Personal information
- Full name: Mumtaz Ahmed
- Nationality: Pakistan
- Born: 7 January 1970 (age 56) Karachi, Pakistan
- Height: 1.78 m (5 ft 10 in)
- Weight: 79 kg (174 lb)

Sport
- Sport: Swimming
- Strokes: Freestyle

Medal record
Representing Pakistan
South Asian Games
| Silver medal – second place | 2004 Islamabad | 400m freestyle |
| Silver medal – second place | 2004 Islamabad | 1500m freestyle |
| Silver medal – second place | 2004 Islamabad | 4x200m freestyle relay |

= Mumtaz Ahmed =

Pakistani swimmer (born 1970)

Mumtaz Ahmed (ممتاز احمد; born 7 January 1970) is a Pakistani former swimmer, who specialised in sprint freestyle events. Ahmed qualified for the men's 100 m freestyle, as a 34-year-old, at the 2004 Summer Olympics in Athens. He received a Universality place from FINA in an entry time of 57.48. He challenged six other swimmers in heat one, including 15-year-old Leonel Matonse of Mozambique.

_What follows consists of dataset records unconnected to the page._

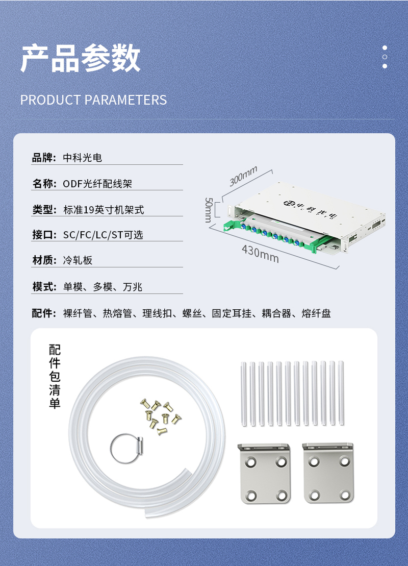 中科光電ZK-ODF-12LC-SM 12芯ODF光纖配線架LC單模滿配箱 19英寸機架式推拉終端盒子框單元體光纜尾纖熔接盤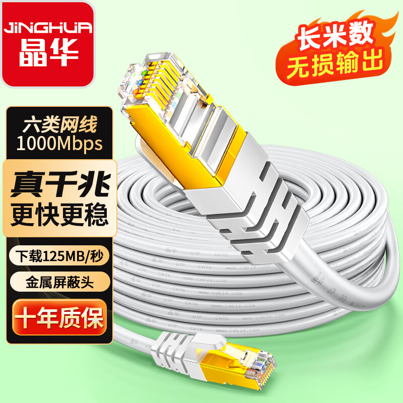 晶华六类CAT6类网线高速千兆网络连接线家用电脑宽带机顶盒非屏蔽8芯双绞工程跳线合金款15米 W196M
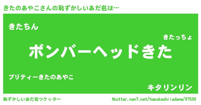 | ヘコむあだ名 | 『きたのあやこ(震え声)』『きた太郎』 |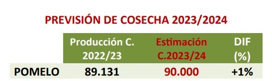 Per quanto riguarda i pompelmi, le stime di produzione di AILIMPO per la stagione 2023/24 indicano un volume di 90.000 tonnellate, praticamente lo stesso della stagione precedente.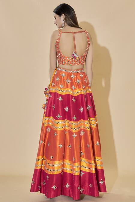 Orange high-waist lehenga with mirror embellished motifs. Comes with blouse and sheer dupatta.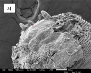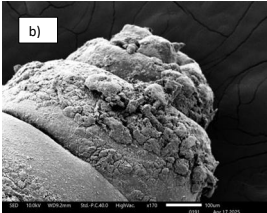 Figura 3. Scansioni al microscopio a scansione elettronica (SEM) di a) larve non esposte e b) di larve esposte all’applicazione del sistema Insectiblock® | |

He overhauled a one-minute barrier, and saved a sixth spot over Burundi's Emery Nziyunvira by more than 10 seconds in 59.19. Ahmed failed to advance into the semifinals, as he placed sixty-eighth overall out of 71 swimmers in the preliminaries.

Ahmed was the silver medallist in both the 400 m freestyle and 1500 m freestyle events at the 2004 South Asian Games in Islamabad.